Is it possible to access and modify a control variable while performing the aggregation process?
Unfortunately, it is not feasible to track previous or next elements during the execution of the aggregation pipeline.
The concept involves transforming events into arrays based on their respective time values.
You have two choices.
Breakdown
Video Play : [1,5,7]
Video Pause : [3,6,10]
Features : [2,4,8,9]
Play-Features : 2 8,9
Video play-pause pair : [1,3],[5,6],[7,10]
Pause-Features : 4
Video pause-play pair : [3,5],[6,7],[10,-]
Desired Outcome
{count:3}
First Option: (Perform all actions within the aggregation pipeline )
Add additional stages to convert documents into an event-array structure.
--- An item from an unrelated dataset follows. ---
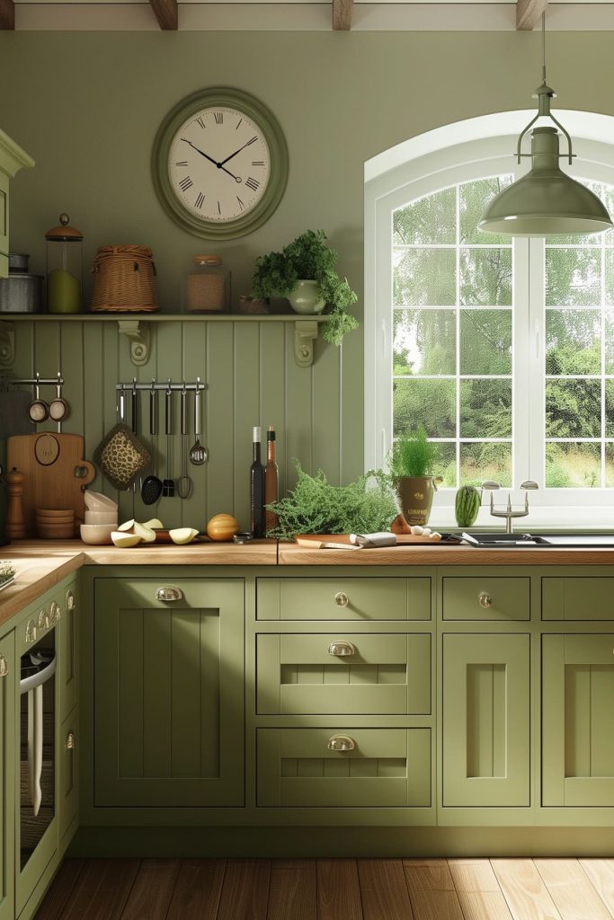 Moss green cabinets, with their earthy tones, effortlessly harmonize with the organic textures and materials found in farmhouse and cottage-style kitchens, creating a cohesive and inviting aesthetic.

Consider the following documents
db.collection.insertMany([
{eventName:"Video Play",creation:1},
{eventName:"Click Features 1",creation:2},
{eventName:"Video Pause",creation:3},
{eventName:"Click Features 1",creation:4},
{eventName:"Video Play",creation:5},
{eventName:"Video Pause",creation:6},
{eventName:"Video Play",creation:7},
{eventName:"Click Features 1",creation:8},
{eventName:"Click Features 1",creation:9},
{eventName:"Video Pause",creation:10}
]);
You can utilize the following aggregation
This aggregation involves two $group
stages to convert events into their respective time arrays, followed by a $project
stage to project ($let
) each event creations array as variables.
To understand the logic inside $let
, refer to option 2 below
db.collection.aggregate([
{
"$sort": {
"eventName": 1,
"creation": 1
}
},
{
"$group": {
"_id": "$eventName",
"creations": {
"$push": "$creation"
}
}
},
{
"$group": {
"_id": "null",
"events": {
"$push": {
"eventName": "$_id",
"creations": "$creations"
}
}
}
},
{
"$project": {
"count": {
"$let": {
"vars": {
"video_play_events": {
"$arrayElemAt": [
"$events.creations",
{
"$indexOfArray": [
"$events.eventName",
"Video Play"
]
}
]
},
"click_features_event": {
"$arrayElemAt": [
"$events.creations",
{
"$indexOfArray": [
"$events.eventName",
"Click Features 1"
]
}
]
},
"video_pause_events": {
"$arrayElemAt": [
"$events.creations",
{
"$indexOfArray": [
"$events.eventName",
"Video Pause"
]
}
]
}
},
"in": {*}
}
}
}
}
])
*You now have events creations array for each event. Insert the following aggregation code and replace $video_play_events
with $$video_play_events
and so forth to access variables from the $let
stage.
Second Option: (Store events in distinct arrays)
db.collection.insert([
{
"video_play_events": [
1,
5,
7
],
"click_features_event": [
2,
4,
8,
9
],
"video_pause_events": [
3,
6,
10
]
}
])
You can manage array growth by including a "count" field to limit the number of events stored in a single document.
Multiple documents can be created for a specified time interval.
This simplifies the aggregation process to the below query.
The following aggregation iterates through video_play_events
and filters all features between each play and pause pair (pl
and pu
).
$size
is used to count the number of feature elements between every play and pause pair, followed by $map
+ $sum
to determine the total number of feature events across all play-pause pairs.
db.collection.aggregate([
{
"$project": {
"count": {
"$sum": {
"$map": {
"input": {
"$range": [
0,
{
"$subtract": [
{
"$size": "$video_play_events"
},
1
]
}
]
},
"as": "z",
"in": {
"$let": {
"vars": {
"pl": {
"$arrayElemAt": [
"$video_pause_events",
"$$z"
]
},
"pu": {
"$arrayElemAt": [
"$video_play_events",
{
"$add": [
1,
"$$z"
]
}
]
}
},
"in": {
"$size": {
"$filter": {
"input": "$click_features_event",
"as": "fe",
"cond": {
"$and": [
{
"$gt": [
"$$fe",
"$$pl"
]
},
{
"$lt": [
"$$fe",
"$$pu"
]
}
]
}
}
}
}
}
}
}
}
}
}
}
])
Notes:
There is a risk of reaching the 16 MB document limit depending on the number of documents being aggregated in both scenarios.
Utilize the async module for running parallel queries with appropriate filters to contain the data being aggregated, followed by client-side processing to calculate all components.